Marooned on the Holy Island Causeway

Please click on this link to enjoy the full video.

If there is one thing in Northumberland that reminds me of parallels in Cambodia it is the Holy Island crossing, where fools never cease to try beating the tide and end up marooned in mid-sea.  Even a Buddhist monk in this video defies his Karma as if to allow me to make my connection here with Cambodia.

Photo: Tony Robson via Northumberland Gazette

It is an object lesson in the futility of resisting forces of nature.  In the end nature will always win out even if in the meantime and temporarily the grandest of man-made constructions might tame it.  The problem, shared by Holy Island and by Cambodia, is there are no grand schemes.  Yet despite that people still plough on anyway - fools making waves.

Last week, after good flights from Manchester to Phnom Penh via Hong Kong, what was our first sight of Cambodia as we descended through the cloud cover?

It was the River Mekong and its tributaries the Tonle Sap and Tonle Bassac as we neared their confluence. And what caught the eye?  No, not the Royal Palace nor the awful new tower-blocks that have blotted the sky-line of the “Paris of the East”, our Pearl of Asia.  As the air-plane wings banked, we looked straight down on a sand-barge.  A fully-laden sand-barge plying along mid-river. It was generating enormous waves that reached the river-banks.

Now I have sat and gazed at these many a time over an occasional beer by the riverside in Takhmau, as my Twitter followers know.  I have also passed the sand-barges on the river ferry- service that always slow down for them.  I see now why, why the boat suddenly sways.

Although more damage is done by the constant pumping of sand from the river bed-rock, to feed Phnom Penh’s massive urban construction frenzy, this extra sustained onslaught on nature can’t help, can it?  The poor eco-system of the Mekong is taking all kinds of hits from dams in the North to the uncontrolled dumping of waste and sewage along its entire length.
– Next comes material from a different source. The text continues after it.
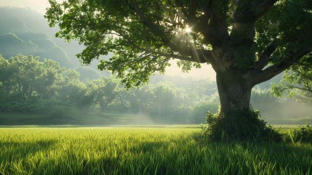一个宁静的自然场景。中心位置有一棵枝繁叶茂的大树

There are supposed to be joint bodies to protect the Mekong, even a new Chinese-led one of late – to complement its leading role in these vast infrastructure projects  – but to casual observers like me, people just do what they want  Acts go on unabated, unpunished.
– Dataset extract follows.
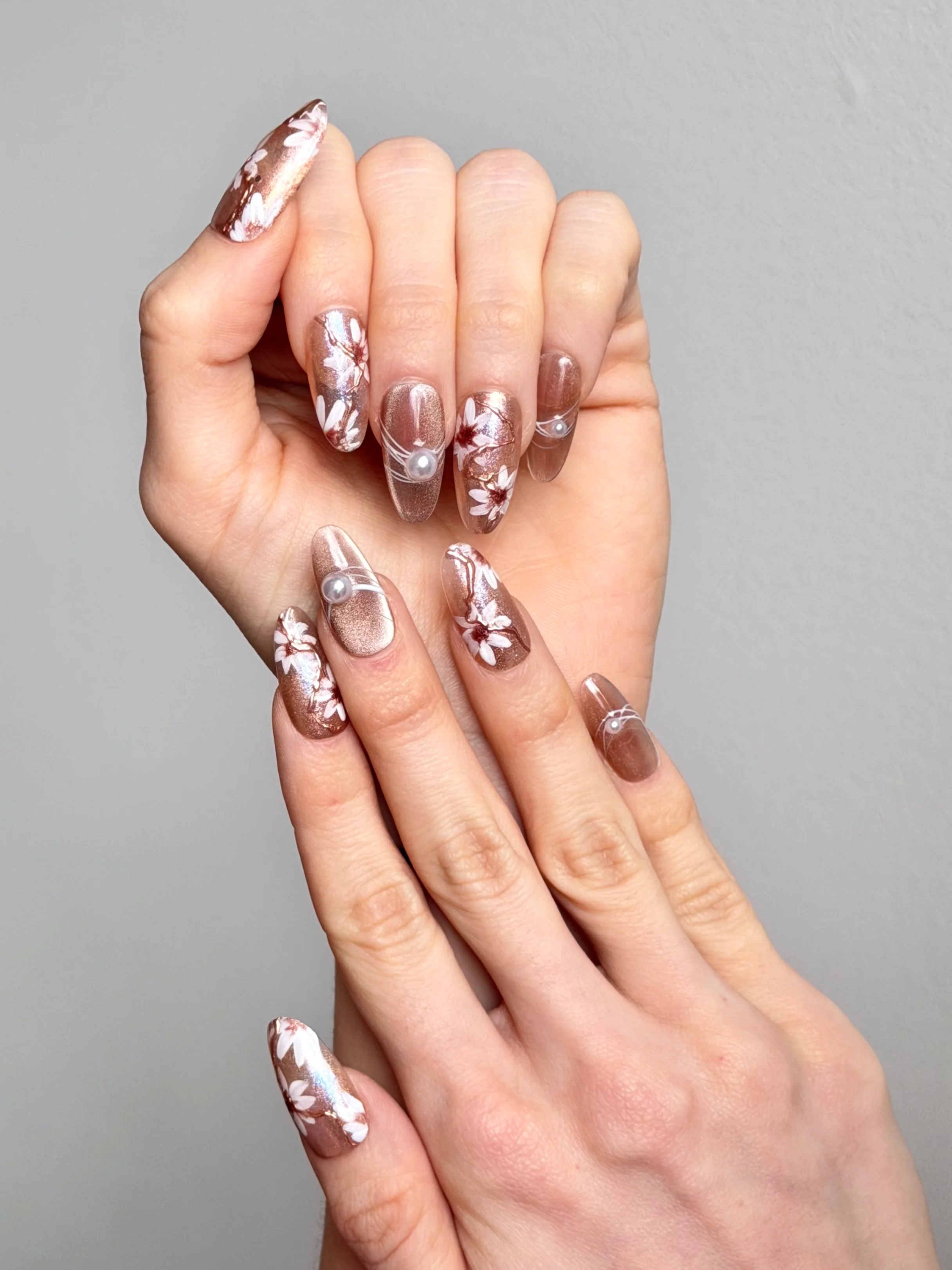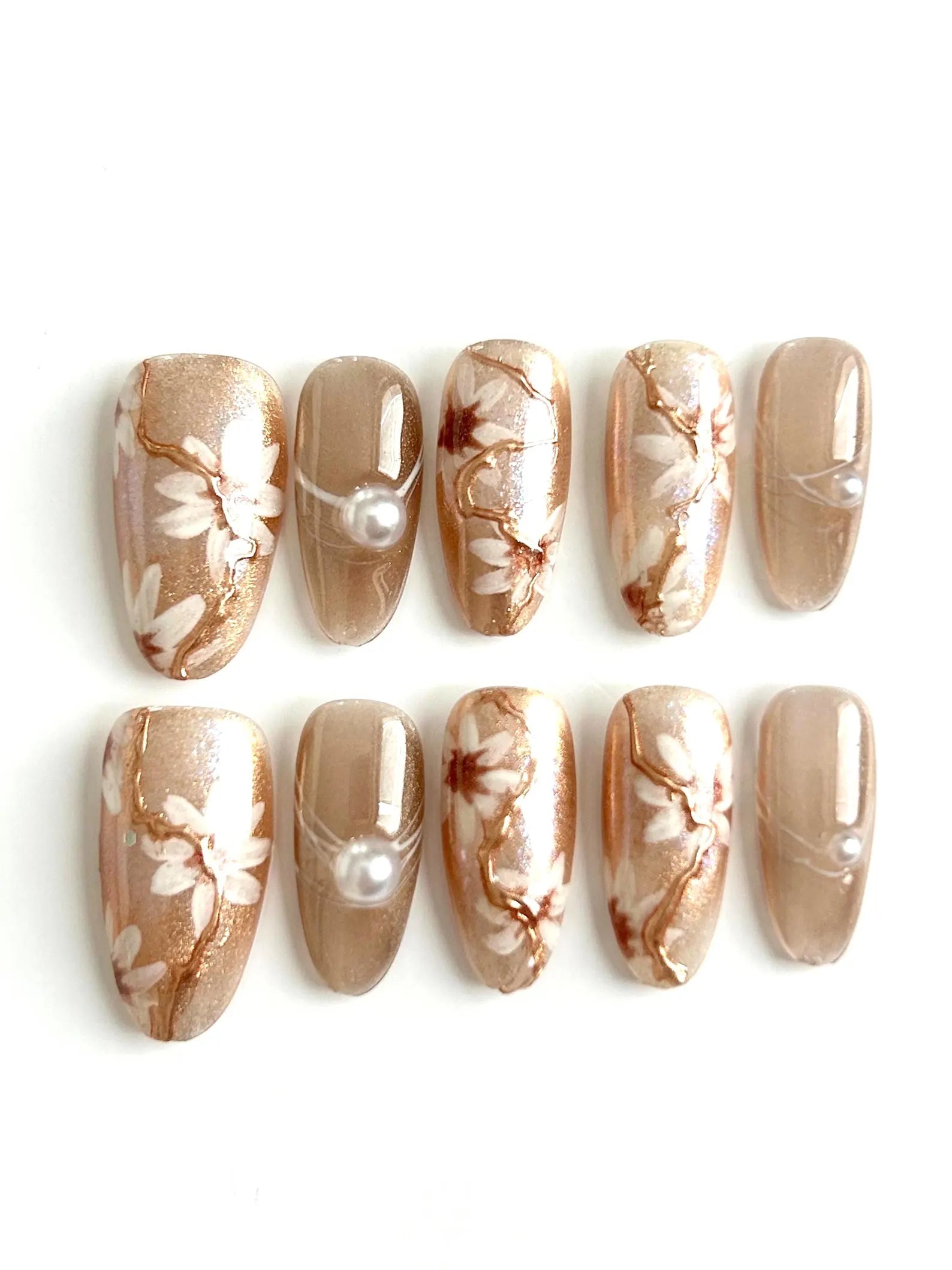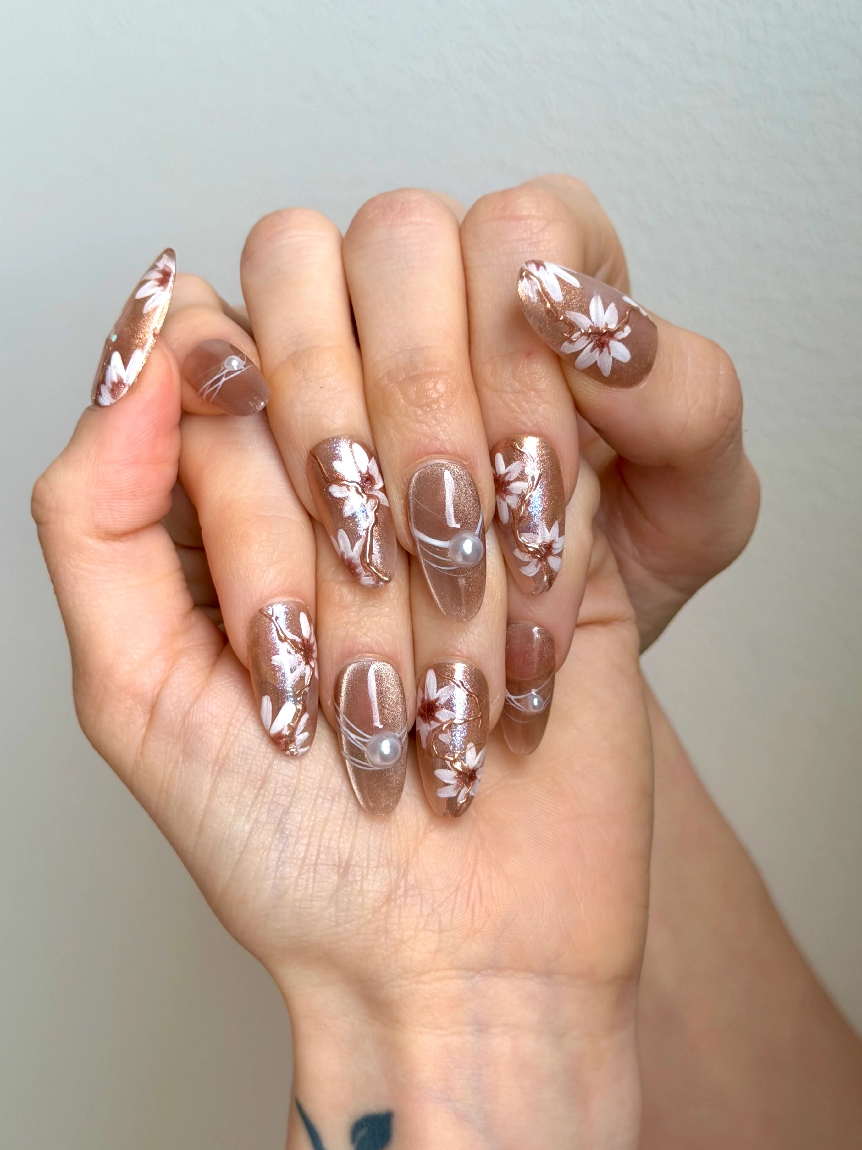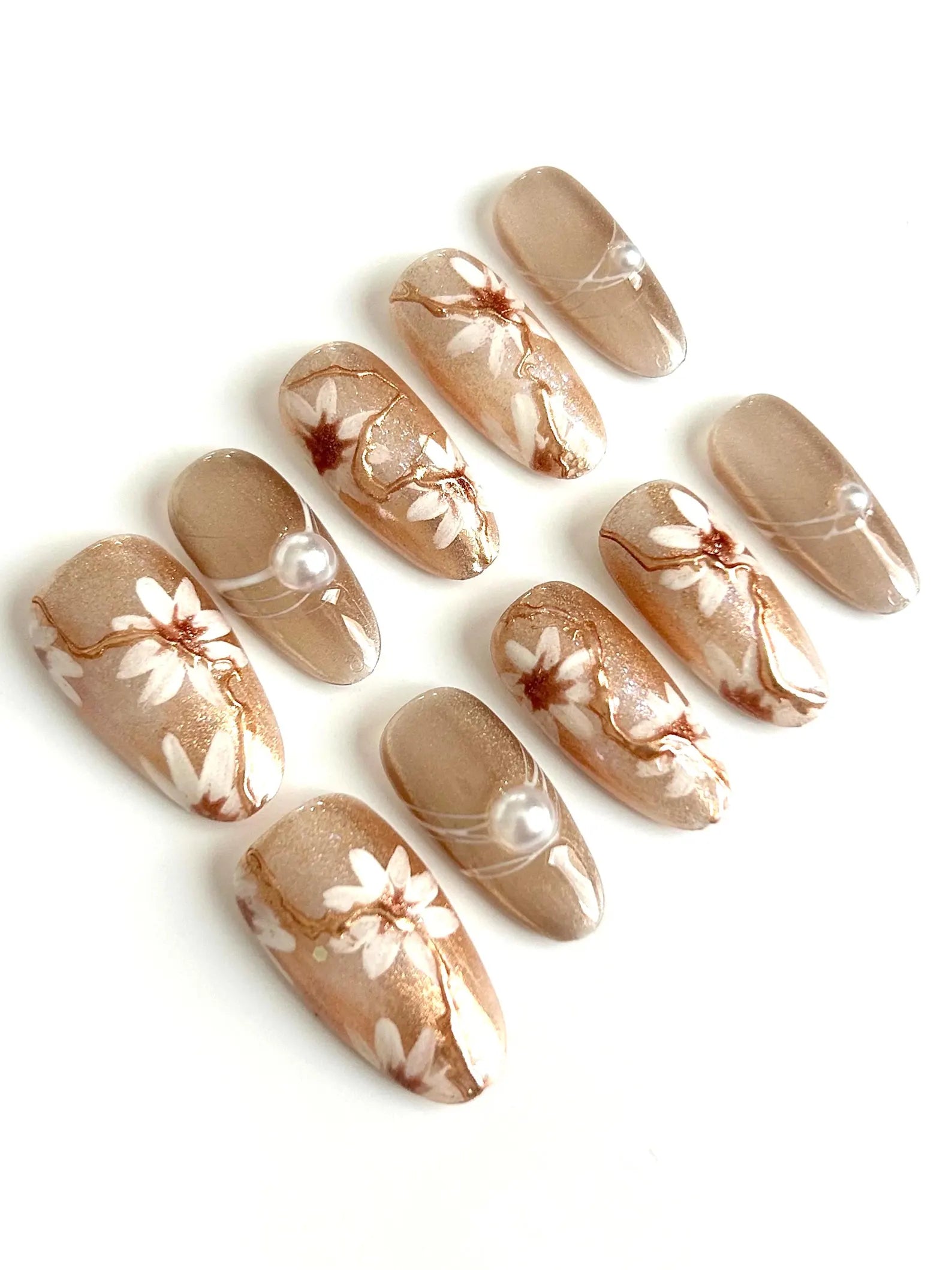 Shimmering champagne bases with delicate floral art and pearl embellishments. A luxe, feminine design perfect for fall glam.

China of course would solve Holy Island’s problem in an instant – with concrete.   It would be an infinitesimally small undertaking for China in size and expense. It has just completed the longest sea-bridge in the world.

But who wants such concrete monstrosities?*


* A question for Prince Charles? (he's good on "carbunkles".

Notes about the River Mekong

There has been much disquiet expressed about the damming of the Mekong and its tributaries, most concerned with the likely impact on its bio-diversity with millions of people depending on it for agriculture and fisheries.  Cambodia and communities around the Tonle Saple Lake as well as those in the Lower Mekong and Delta area are especially vulnerable.  Two very good reports have been published this year.  Abbie Sieff questions hydro-power. An answer soon came with both Julie Wallace and Alessandro Marazzi-Sassoon reporting on an early disaster with unintended consequences.